[[ Task material, beginning ]]

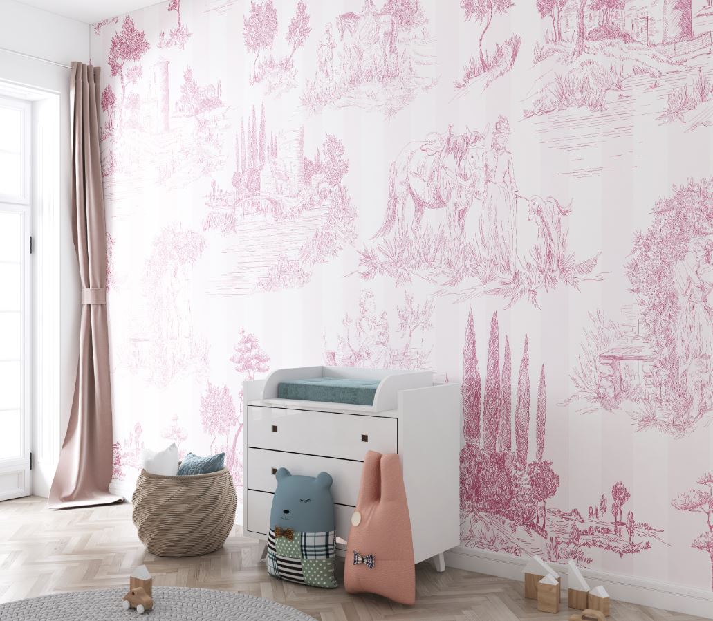 Kız Odası Duvar Kağıdı Çizim Tarz Prensesler ve Ağaçlar
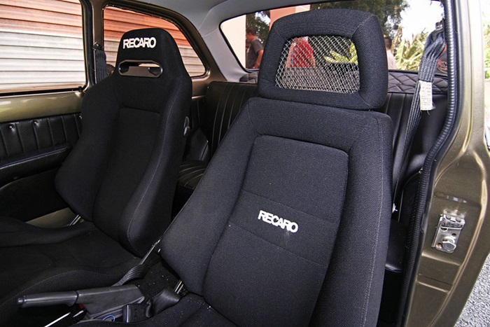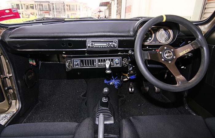 Bahagian dalaman pula dikemaskan semula dengan karpet baru berwarna hitam. Kulit pintu dibalut dengan vinyl hitam. Tempat duduk depan menggunakan sepasang Recaro model SR3 (pemandu) dan Fishnet untuk penumpang.
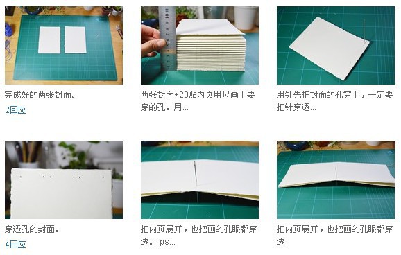 两张封面+20贴内页用尺画上要穿的孔。用铅笔画。
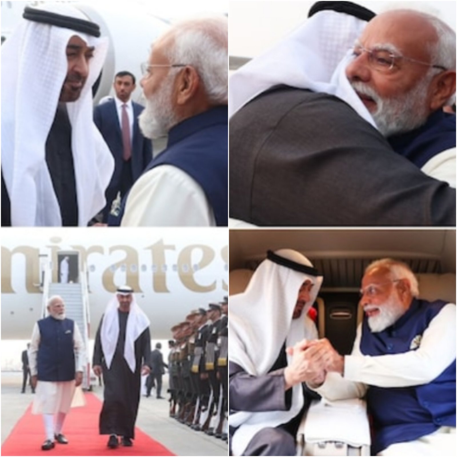 Prime Minister Narendra Modi on Monday received Sheikh Mohamed bin Zayed Al Nahyan at the airport in New Delhi, breaking protocol during the UAE leader’s short visit. The two leaders shared a brief hug before heading for talks. Sheikh Mohamed’s visit lasted about two hours and was held at Modi’s invitation. The Prime Minister later said the visit showed the importance of strong India-UAE ties. The UAE President is on his third official visit to India since taking office. India and the United Arab Emirates cooperate closely in trade, energy, defence and regional security. (PC: India Today)
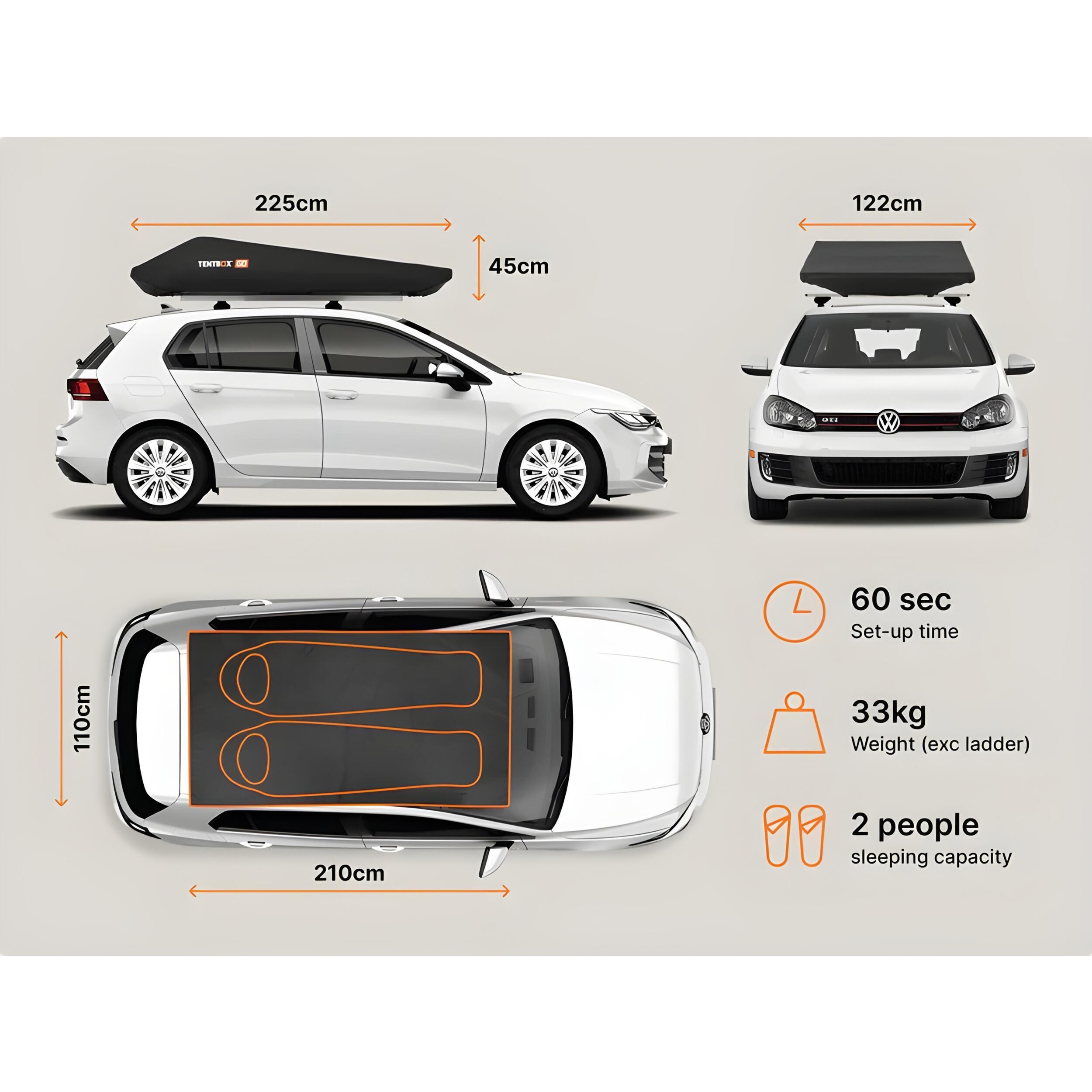 La TentBox GO s’adresse à une nouvelle génération d’explorateurs souhaitant voyager sans contraintes : pas besoin de camping-car pour profiter d’un confort de couchage en pleine nature. Elle est compatible avec la majorité des barres de toit et peut être montée sur des voitures compactes, SUV ou vans aménagés.
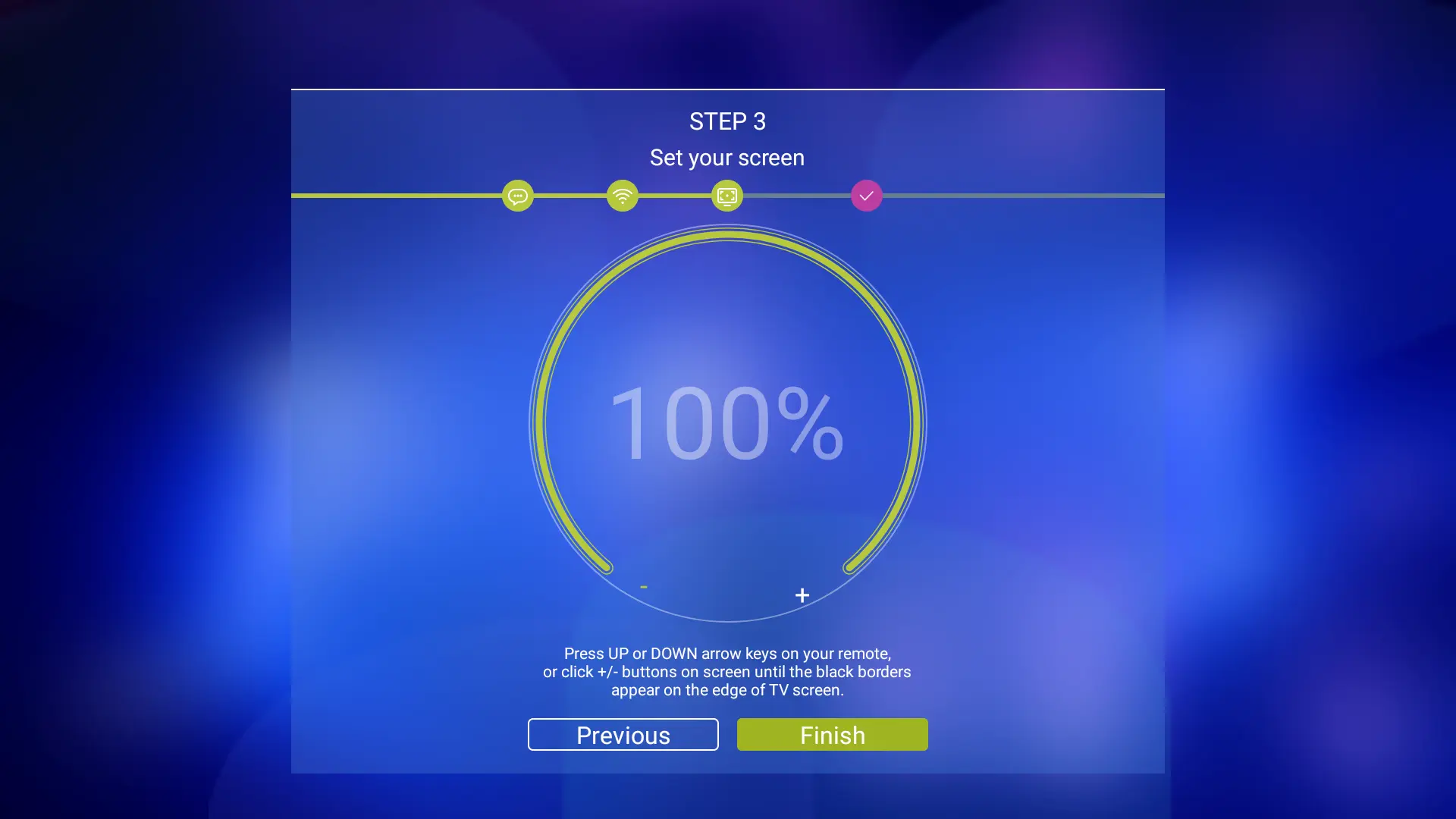 UpandDownarrow keys on your remote control to adjust the picture to the edge of your television screen. - When done, select
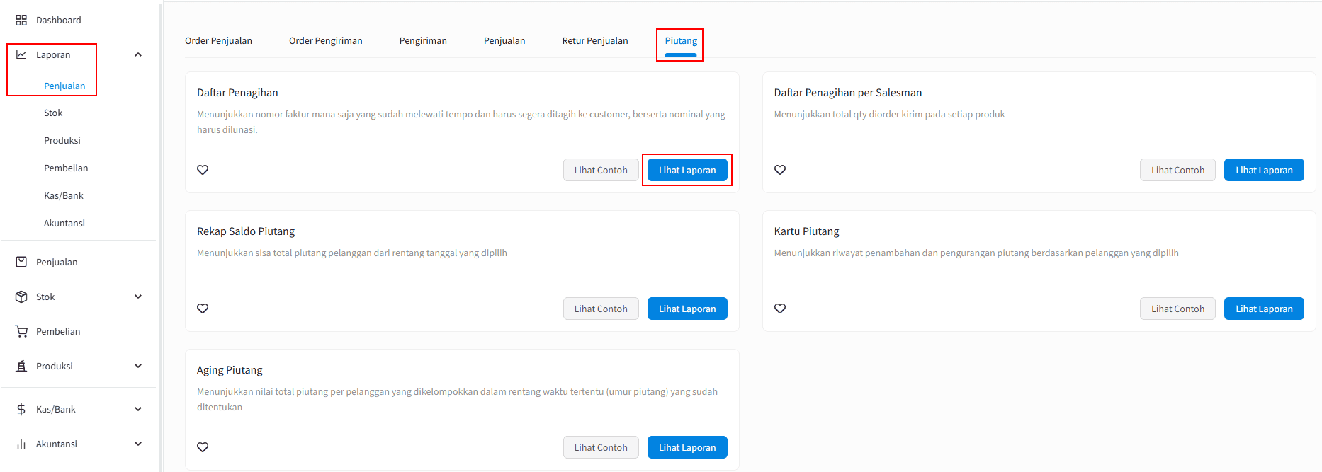 1. Masuk ke menu [Laporan] > [Penjualan] > pilih tab [Piutang] kemudian |Lihat Laporan| pada "Daftar Penagihan".
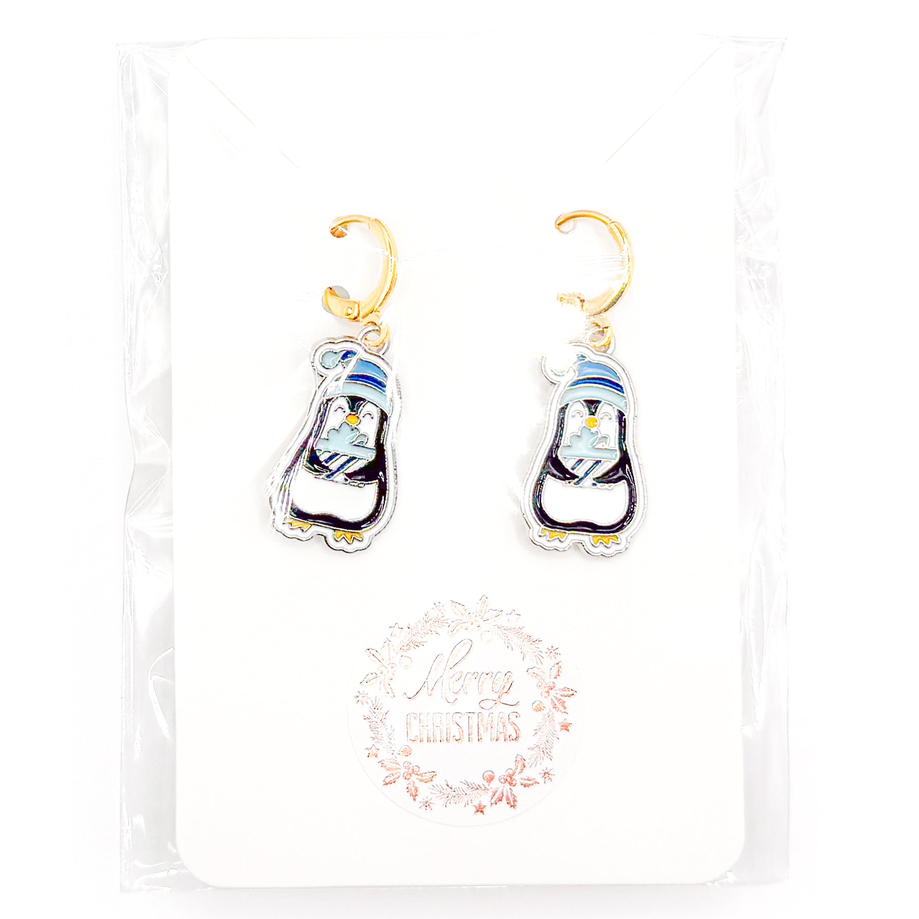 Cutie Little Penguin Huggie Earrings with gold hardware || KellyPrepsterStudio
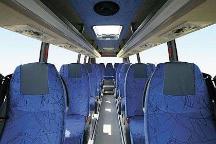 Отличную термо- и шумоизоляцию обеспечивают двойные тонированные стекла. Большая площадь остекления, включая лобовое стекло, предоставляет пассажирам прекрасную обзорность, что немаловажно для туристического автобуса. В корме установлен 3,8-кубовый багажный отсек, а общая емкость багажников, включая боковые отсеки, достигает 4,5 м куб.

[[ Task material, end ]]

Reproduce the records above from their first line to the line bearing "两张封面+20贴内页用尺画上要穿的孔。用铅笔画。", both ends included, leaving every picture out.

→ Finished exercise
 Kız Odası Duvar Kağıdı Çizim Tarz Prensesler ve Ağaçlar
 Bahagian dalaman pula dikemaskan semula dengan karpet baru berwarna hitam. Kulit pintu dibalut dengan vinyl hitam. Tempat duduk depan menggunakan sepasang Recaro model SR3 (pemandu) dan Fishnet untuk penumpang.
 两张封面+20贴内页用尺画上要穿的孔。用铅笔画。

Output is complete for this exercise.